The author starts by telling the story of the saintly thirteenth century Queen Elisabeth of Hungary. The usual legend is that the devout and charitable Queen and her husband, Louis IV of Thuringia were idyllically happy. One day when he surprises her going to feed the poor, the bread she is carrying is miraculously changed into roses. I doubt if the hungry waiting for the royal bread scraps would have been ecstatic at getting a bunch of roses instead, no matter how beautiful and fragrant they might have been, but those who are expert in these matters determined the event to be an indication of her saintliness, and eventally she was accorded the official title. The author of The Latest and Best Cook Book however tells a different version. This time, Louis is a thoroughly nasty man who actually forbids her to take food to the poor, then one day surprises her in that very act. He insists, in his ‘stern voice’ that she show him what she carries. In the instant before she is ‘obliged to show him the forbidden burden’ the bread is changed into roses, and he allows her on her way.
The author’s version allows the author’s moral lesson to be drawn of course. It also, rather oddly, allows a grammar lesson.
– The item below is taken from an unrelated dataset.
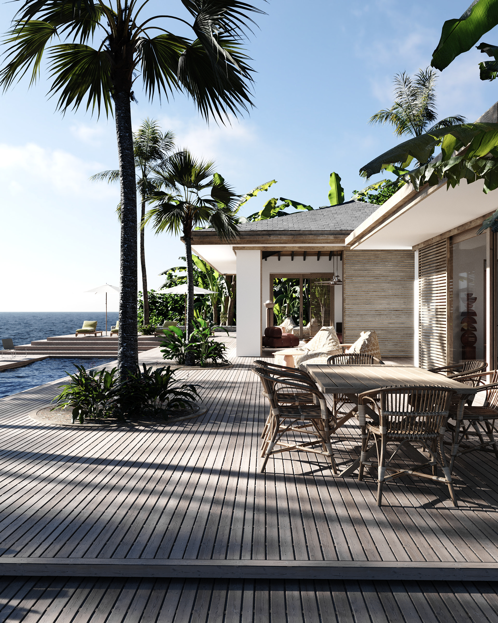 a tropical retreat designed to embrace the serenity of coastal living. With open spaces, natural materials, and an effortless blend of indoor and outdoor areas, this project is a celebration of tranquility and connection to nature.

“It would be well for some husbands if ‘their eyes were hidden’ in such a way that food served them would seem other and better than it really is. But the sense of taste is a rebellious member - especially in the men. It will cry out against the best appearing dish, if its flavor is not of the best. There is but one way to sure success. The housewife herself must be the angel who casts the spell about the humble board and the lowly fare, and invests them with forms and odors of irresistible attractiveness. This is the true poetry of Domestic Cookery; and blessed is the home where one presides who knows this art, and makes each meal a feast, and every guest a glad participant.
But things do not always take so happy a form. For instance: there was recently a brutal murder in Troy, N. Y., and a paper,- reporting the case, clumsily said: ‘A poor woman was killed yesterday in her own home, while cooking her husband's breakfast in a shocking manner.’ Quoting this statement, a contemporary remarked: ‘There are many women who cook their husbands breakfasts in a shocking manner, but it is seldom that justice overtakes them so summarily.’ The subject is a serious one to joke over, but the turn given by the commenting paper is bright and suggestive.
The fact is, that by skillful manipulation the plainest fare may be transformed into dishes fit for kings, while by ignorance and inattention the best viands may be rendered unfit for human food. Which turn should housewives attempt to give their own culinary affairs? There can be but one reply. But, be it remembered, that freaks of favoring fortune, such as came to Elizabeth, come only to those who are zealously pursuing the line of helpful duty. There is no royal road to success as a housekeeper or a cook. You must ‘work your passage,’ but the way will be smoothed by careful study of pages such as follow, provided the study take shape in wise action.
Remember, too, that the ministry of Domestic Cookery is by no means an unimportant one. It is worthy of the best attention of any housewife.”
If you ask me, if the second version is the accurate one, Elizabeth of Austria should have tried cooking her husband’s breakfast in a shockingly poisonous manner. But she would probably not have been granted sainthood if she had.
Here is a breakfast idea from the book. Please give it ‘your best attention.’
Eggs a la Mode.
Remove the skin from a dozen tomatoes, medium size, cut them up in a saucepan, add a little butter, pepper, and salt; when sufficiently boiled, beat up five or six eggs, and just before you serve, turn them into a saucepan with the tomato, and stir one way for two minutes, allowing them to be well done.
Quotation for the Day …
All well-regulated families set apart an hour every morning for tea and bread and butter.